Entries taken from a collection
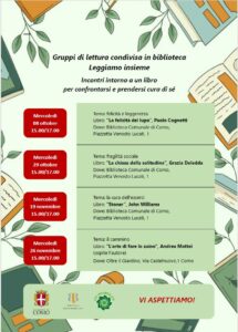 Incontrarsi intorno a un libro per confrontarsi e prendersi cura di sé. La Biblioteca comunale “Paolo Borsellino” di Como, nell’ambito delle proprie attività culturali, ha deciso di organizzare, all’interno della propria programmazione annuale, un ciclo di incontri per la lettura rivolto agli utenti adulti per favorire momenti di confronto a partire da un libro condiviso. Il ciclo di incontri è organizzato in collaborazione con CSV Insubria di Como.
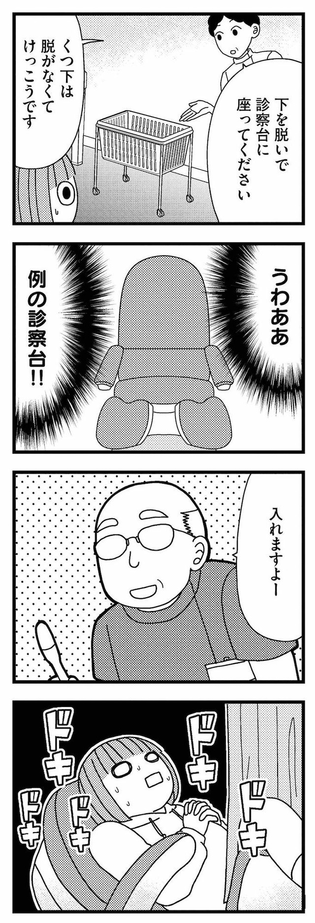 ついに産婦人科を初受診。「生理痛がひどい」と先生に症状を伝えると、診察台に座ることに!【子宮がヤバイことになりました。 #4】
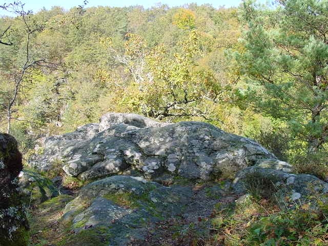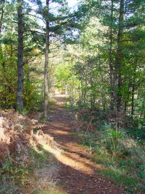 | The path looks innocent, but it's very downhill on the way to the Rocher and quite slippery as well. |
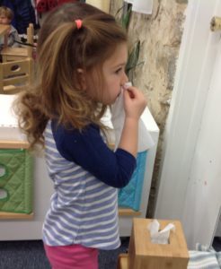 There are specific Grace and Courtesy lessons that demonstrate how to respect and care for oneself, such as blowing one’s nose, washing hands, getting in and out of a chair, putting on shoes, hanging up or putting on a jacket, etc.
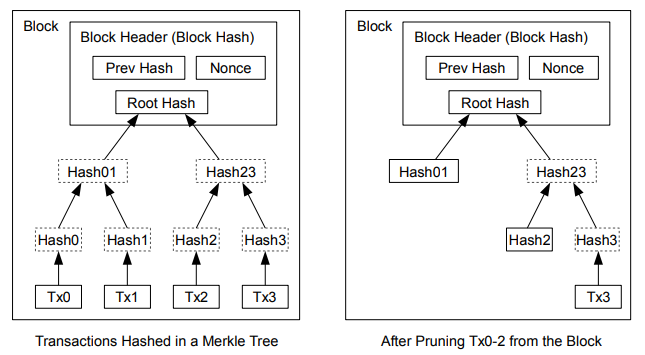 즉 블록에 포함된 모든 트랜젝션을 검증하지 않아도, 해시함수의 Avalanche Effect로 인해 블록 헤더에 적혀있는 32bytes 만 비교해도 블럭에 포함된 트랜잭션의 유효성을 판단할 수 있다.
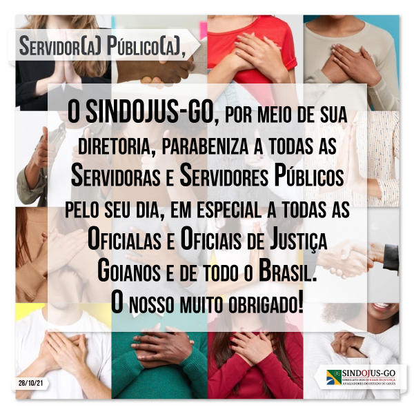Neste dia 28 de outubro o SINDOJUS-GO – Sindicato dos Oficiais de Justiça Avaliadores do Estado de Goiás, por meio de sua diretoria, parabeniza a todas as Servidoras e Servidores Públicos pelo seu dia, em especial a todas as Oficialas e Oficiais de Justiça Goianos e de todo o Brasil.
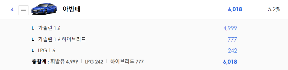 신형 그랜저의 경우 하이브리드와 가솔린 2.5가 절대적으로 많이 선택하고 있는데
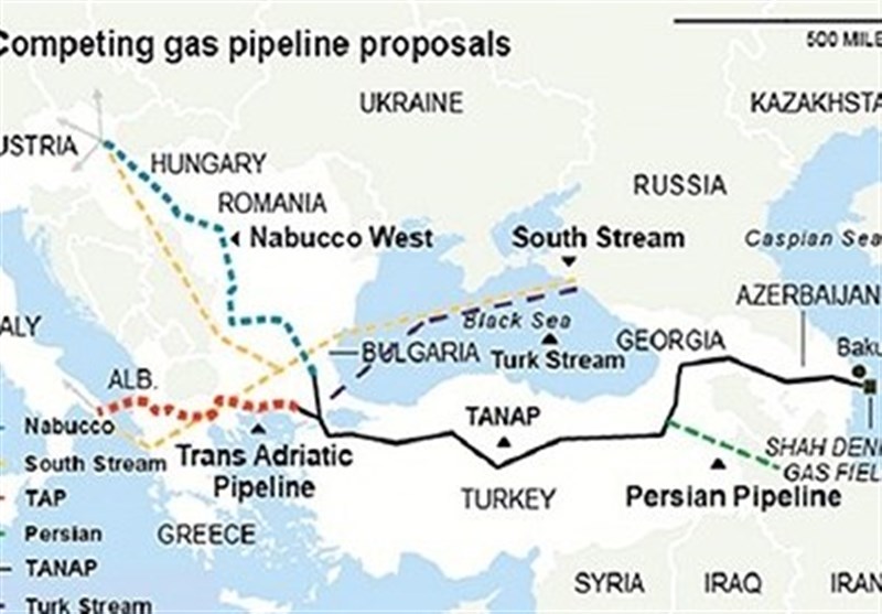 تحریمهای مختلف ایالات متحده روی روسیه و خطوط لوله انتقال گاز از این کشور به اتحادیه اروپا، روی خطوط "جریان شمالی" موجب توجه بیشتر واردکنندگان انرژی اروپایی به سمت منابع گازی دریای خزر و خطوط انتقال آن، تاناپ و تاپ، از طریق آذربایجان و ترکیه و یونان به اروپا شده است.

Task directions:
In the answer, the entries must appear exactly as above, without the images.

Solution:
 Incontrarsi intorno a un libro per confrontarsi e prendersi cura di sé. La Biblioteca comunale “Paolo Borsellino” di Como, nell’ambito delle proprie attività culturali, ha deciso di organizzare, all’interno della propria programmazione annuale, un ciclo di incontri per la lettura rivolto agli utenti adulti per favorire momenti di confronto a partire da un libro condiviso. Il ciclo di incontri è organizzato in collaborazione con CSV Insubria di Como.
 ついに産婦人科を初受診。「生理痛がひどい」と先生に症状を伝えると、診察台に座ることに!【子宮がヤバイことになりました。 #4】
 | The path looks innocent, but it's very downhill on the way to the Rocher and quite slippery as well. |
 There are specific Grace and Courtesy lessons that demonstrate how to respect and care for oneself, such as blowing one’s nose, washing hands, getting in and out of a chair, putting on shoes, hanging up or putting on a jacket, etc.
 즉 블록에 포함된 모든 트랜젝션을 검증하지 않아도, 해시함수의 Avalanche Effect로 인해 블록 헤더에 적혀있는 32bytes 만 비교해도 블럭에 포함된 트랜잭션의 유효성을 판단할 수 있다.
Neste dia 28 de outubro o SINDOJUS-GO – Sindicato dos Oficiais de Justiça Avaliadores do Estado de Goiás, por meio de sua diretoria, parabeniza a todas as Servidoras e Servidores Públicos pelo seu dia, em especial a todas as Oficialas e Oficiais de Justiça Goianos e de todo o Brasil.
 신형 그랜저의 경우 하이브리드와 가솔린 2.5가 절대적으로 많이 선택하고 있는데
 تحریمهای مختلف ایالات متحده روی روسیه و خطوط لوله انتقال گاز از این کشور به اتحادیه اروپا، روی خطوط "جریان شمالی" موجب توجه بیشتر واردکنندگان انرژی اروپایی به سمت منابع گازی دریای خزر و خطوط انتقال آن، تاناپ و تاپ، از طریق آذربایجان و ترکیه و یونان به اروپا شده است.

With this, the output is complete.